MLOps — Core Concepts

The full ML lifecycle in production: experiment tracking, model registries, CI/CD for ML, data drift detection, and why Uber's Michelangelo changed how companies think about ML infrastructure.

The ML-Software Engineering Gap

Software engineering has decades of practices: version control, automated testing, continuous integration, infrastructure as code. These practices exist because deploying software reliably at scale is hard.

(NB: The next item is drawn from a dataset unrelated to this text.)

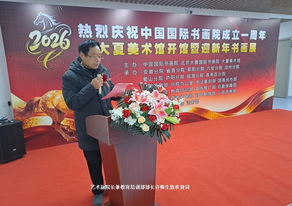 2026年1月26日上午9时整,由中国国际书画院、北京大夏国际书画院教育培训部主办的迎新年书画展在大夏美术馆盛大开幕。

ML systems have all of software’s challenges, plus new ones:

Data versioning: Code + model + data together determine behavior. Versioning only code misses most of what defines an ML system.
Experiment tracking: A data scientist might run 500 experiments with different hyperparameters, feature sets, and architectures. Keeping track of what produced what result requires tooling.
Non-determinism: Shuffling, random seeds, GPU parallelism mean two identical training runs may produce slightly different models.
Silent failures: A software bug usually crashes loudly. An ML model that’s degraded due to data drift keeps running while quietly getting worse.
Feedback loops: Production predictions can change user behavior, which changes future training data.

MLOps emerged around 2017–2018 as organizations like Uber, Airbnb, and Facebook published details of their internal ML infrastructure. The term itself was coined around 2018 and is now an industry standard.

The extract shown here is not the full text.